Data provided:
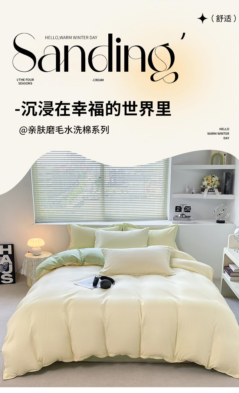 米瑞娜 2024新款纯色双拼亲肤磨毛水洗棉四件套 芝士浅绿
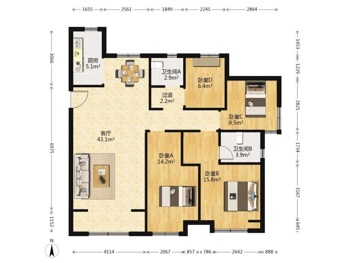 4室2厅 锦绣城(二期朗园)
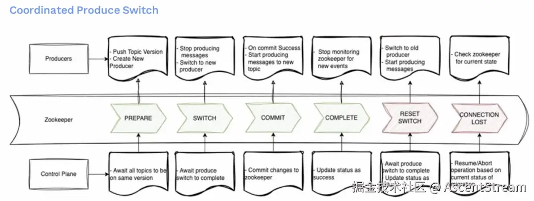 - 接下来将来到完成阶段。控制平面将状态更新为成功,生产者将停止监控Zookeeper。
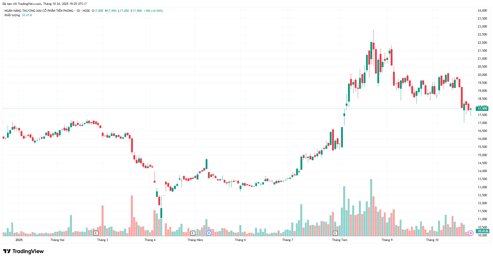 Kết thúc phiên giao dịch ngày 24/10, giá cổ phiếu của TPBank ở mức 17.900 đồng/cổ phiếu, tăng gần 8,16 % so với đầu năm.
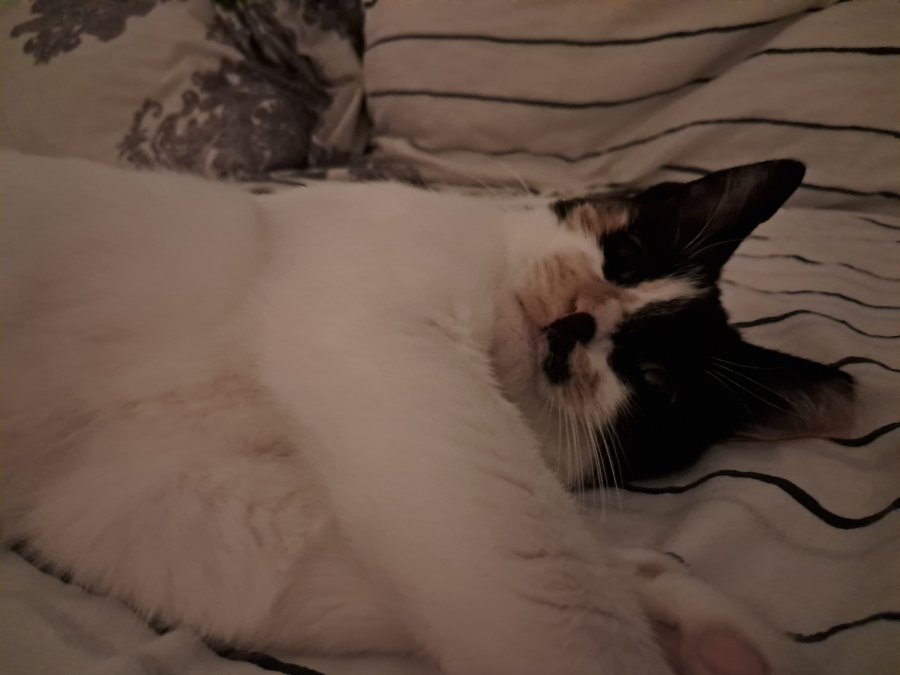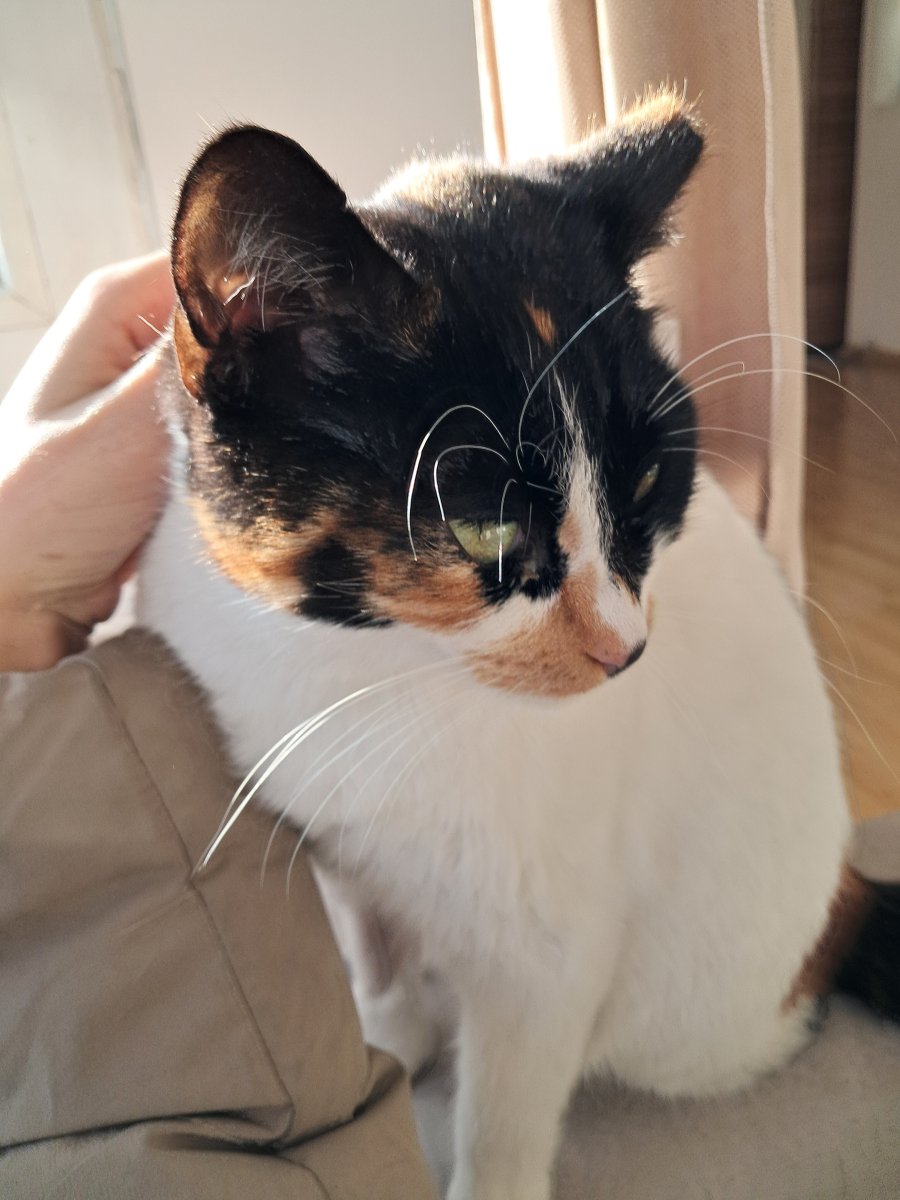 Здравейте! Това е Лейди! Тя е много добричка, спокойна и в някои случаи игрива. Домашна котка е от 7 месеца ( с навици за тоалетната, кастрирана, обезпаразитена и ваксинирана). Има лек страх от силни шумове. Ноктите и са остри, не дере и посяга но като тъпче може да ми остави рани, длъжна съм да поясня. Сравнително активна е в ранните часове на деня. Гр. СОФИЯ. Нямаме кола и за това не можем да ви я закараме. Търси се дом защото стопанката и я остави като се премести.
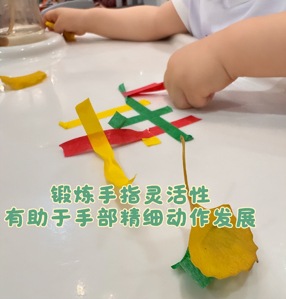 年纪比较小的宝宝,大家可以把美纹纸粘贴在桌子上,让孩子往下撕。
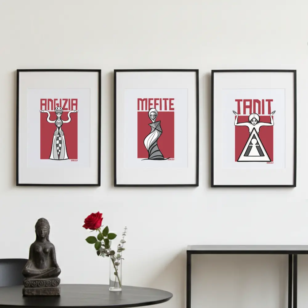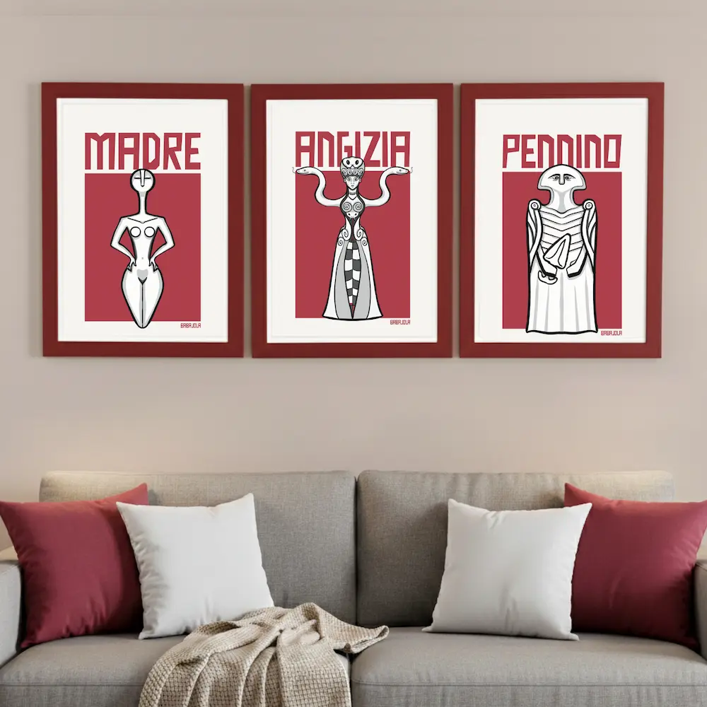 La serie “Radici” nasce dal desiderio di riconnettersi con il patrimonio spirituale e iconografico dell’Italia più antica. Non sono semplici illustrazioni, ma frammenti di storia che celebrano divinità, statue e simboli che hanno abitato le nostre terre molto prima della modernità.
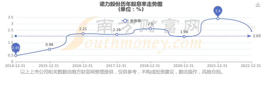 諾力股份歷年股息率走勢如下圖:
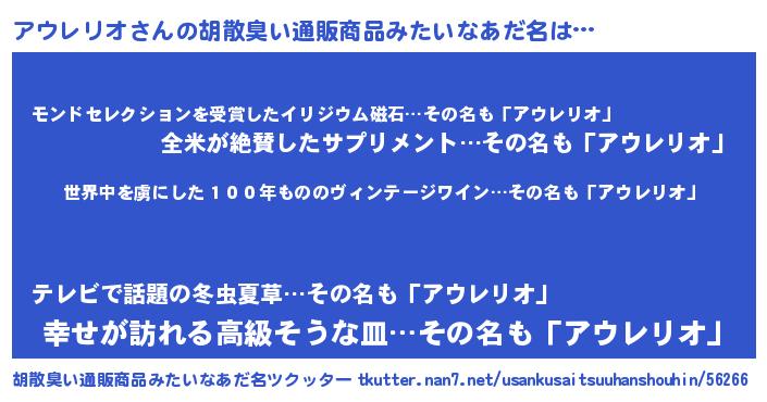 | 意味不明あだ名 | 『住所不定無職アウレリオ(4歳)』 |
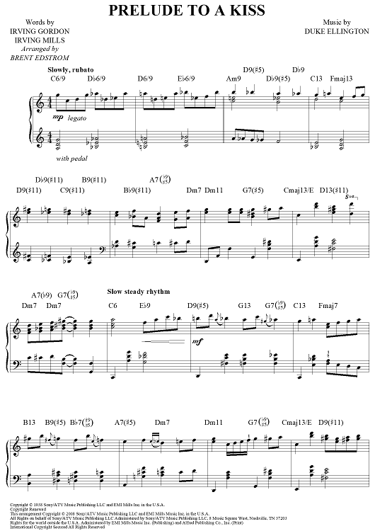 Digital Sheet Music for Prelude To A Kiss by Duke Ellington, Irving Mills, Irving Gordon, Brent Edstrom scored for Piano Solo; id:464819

* * *

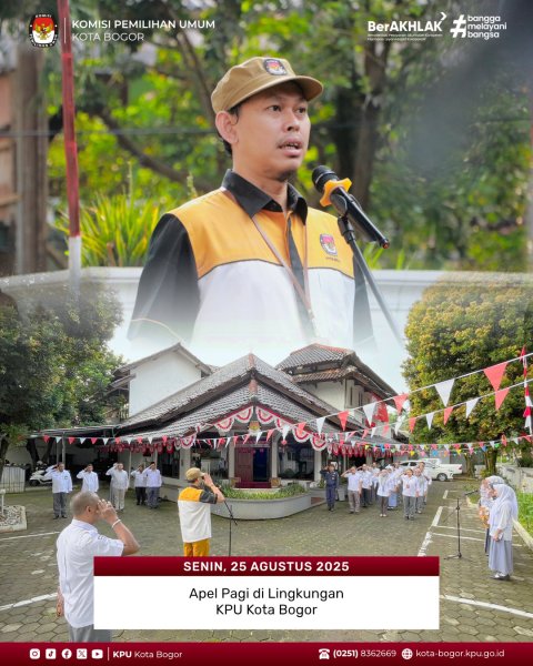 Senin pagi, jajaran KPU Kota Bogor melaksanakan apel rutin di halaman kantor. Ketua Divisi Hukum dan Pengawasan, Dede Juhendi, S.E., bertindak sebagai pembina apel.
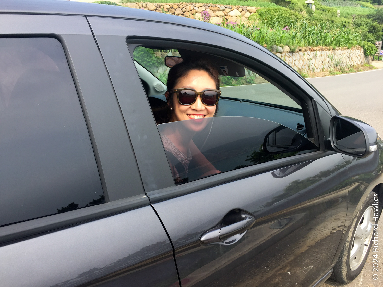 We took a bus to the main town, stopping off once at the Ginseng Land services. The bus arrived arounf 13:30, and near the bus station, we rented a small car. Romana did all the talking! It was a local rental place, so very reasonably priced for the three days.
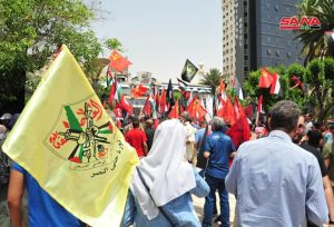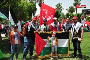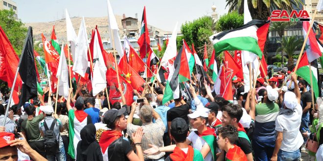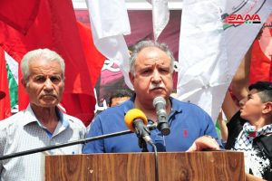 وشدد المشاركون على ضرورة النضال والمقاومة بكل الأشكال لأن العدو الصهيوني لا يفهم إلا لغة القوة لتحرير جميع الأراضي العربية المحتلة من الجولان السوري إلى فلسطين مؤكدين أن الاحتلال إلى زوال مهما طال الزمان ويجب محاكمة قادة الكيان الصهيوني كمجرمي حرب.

==

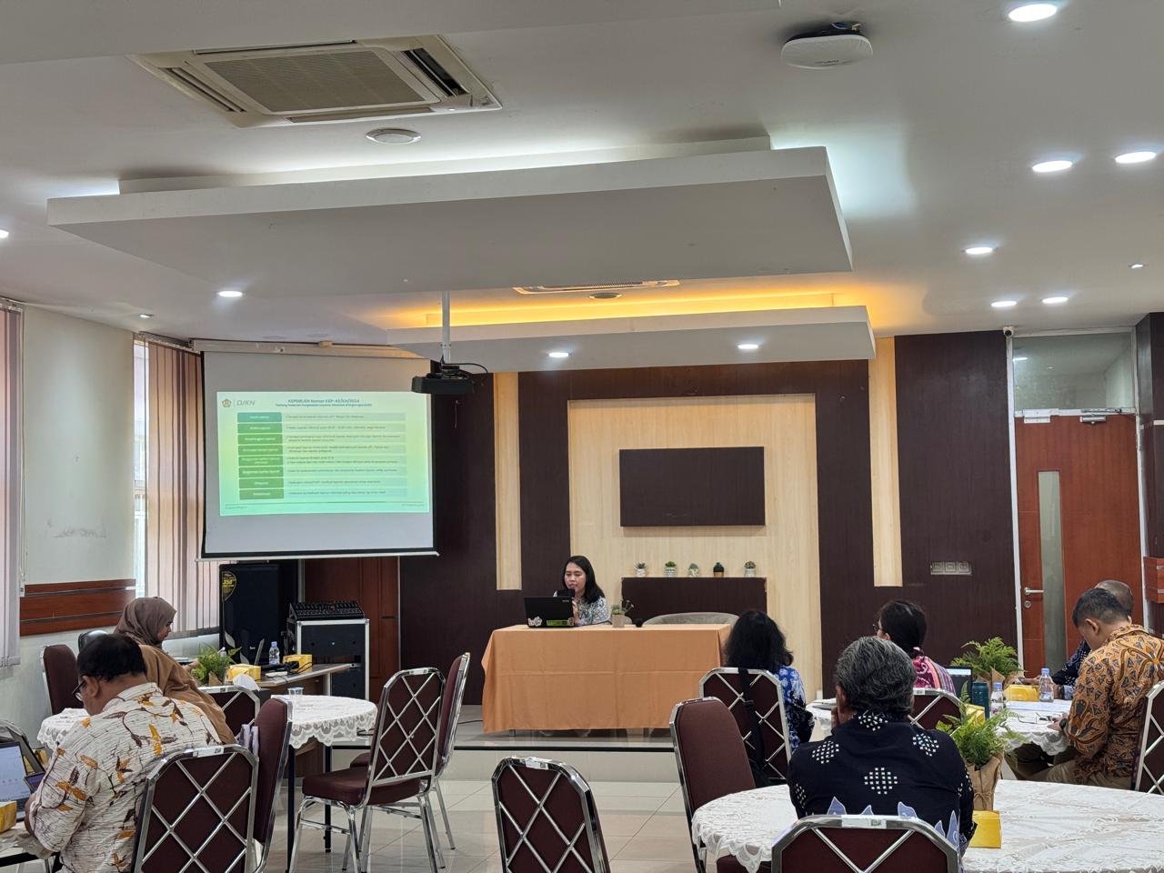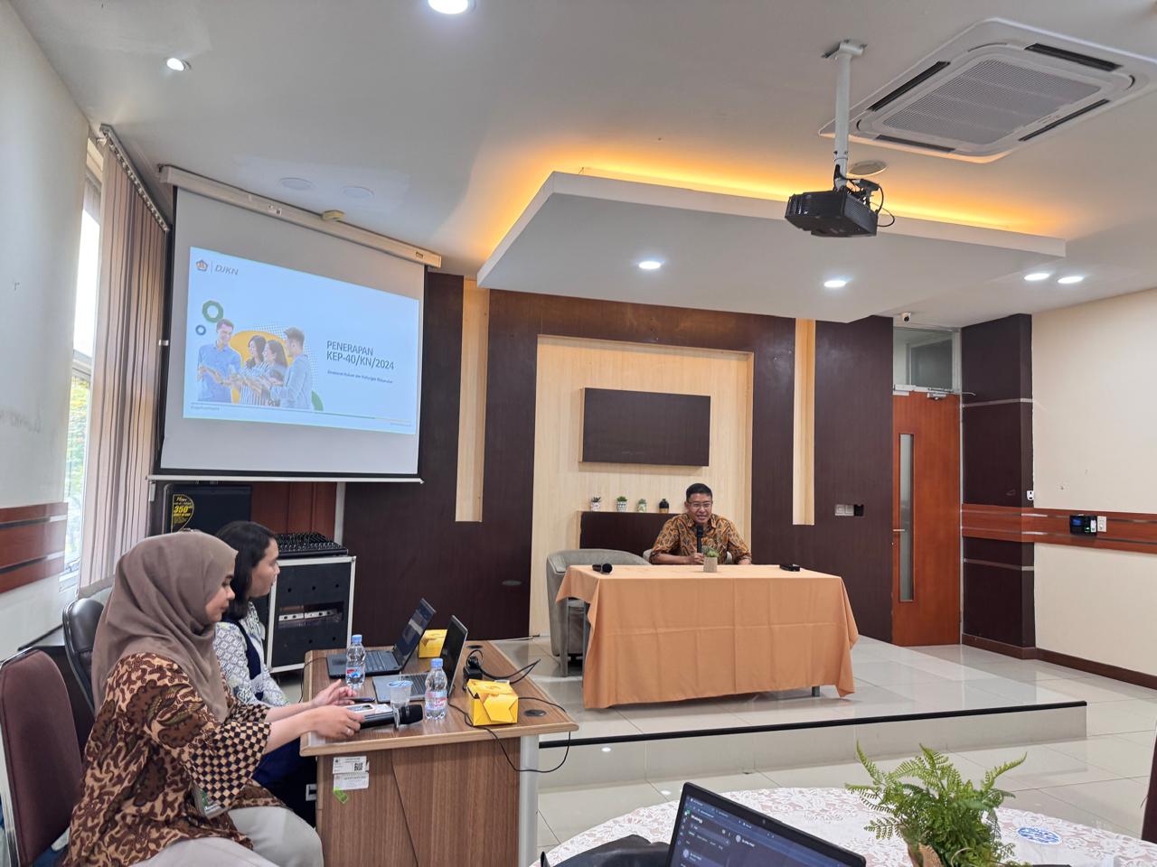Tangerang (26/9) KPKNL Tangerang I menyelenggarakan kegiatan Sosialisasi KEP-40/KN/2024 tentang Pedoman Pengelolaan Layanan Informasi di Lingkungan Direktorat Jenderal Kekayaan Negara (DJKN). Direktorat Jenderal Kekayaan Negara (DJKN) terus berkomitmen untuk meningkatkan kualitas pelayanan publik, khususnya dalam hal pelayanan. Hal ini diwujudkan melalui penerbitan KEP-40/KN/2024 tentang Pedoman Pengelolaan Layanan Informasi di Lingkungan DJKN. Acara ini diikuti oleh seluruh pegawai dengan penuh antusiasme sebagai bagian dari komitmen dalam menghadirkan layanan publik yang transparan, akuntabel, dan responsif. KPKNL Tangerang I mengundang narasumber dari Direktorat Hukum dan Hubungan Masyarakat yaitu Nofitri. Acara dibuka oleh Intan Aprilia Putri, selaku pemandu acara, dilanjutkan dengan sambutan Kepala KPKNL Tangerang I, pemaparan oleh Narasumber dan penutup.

The task:
Print, word for word, the lines above that run from the line containing "prima della modernità." to the line containing "Digital Sheet Music", both included. Keep the pictures out.

Solution for this task:
 La serie “Radici” nasce dal desiderio di riconnettersi con il patrimonio spirituale e iconografico dell’Italia più antica. Non sono semplici illustrazioni, ma frammenti di storia che celebrano divinità, statue e simboli che hanno abitato le nostre terre molto prima della modernità.
 諾力股份歷年股息率走勢如下圖:
 | 意味不明あだ名 | 『住所不定無職アウレリオ(4歳)』 |
 Digital Sheet Music for Prelude To A Kiss by Duke Ellington, Irving Mills, Irving Gordon, Brent Edstrom scored for Piano Solo; id:464819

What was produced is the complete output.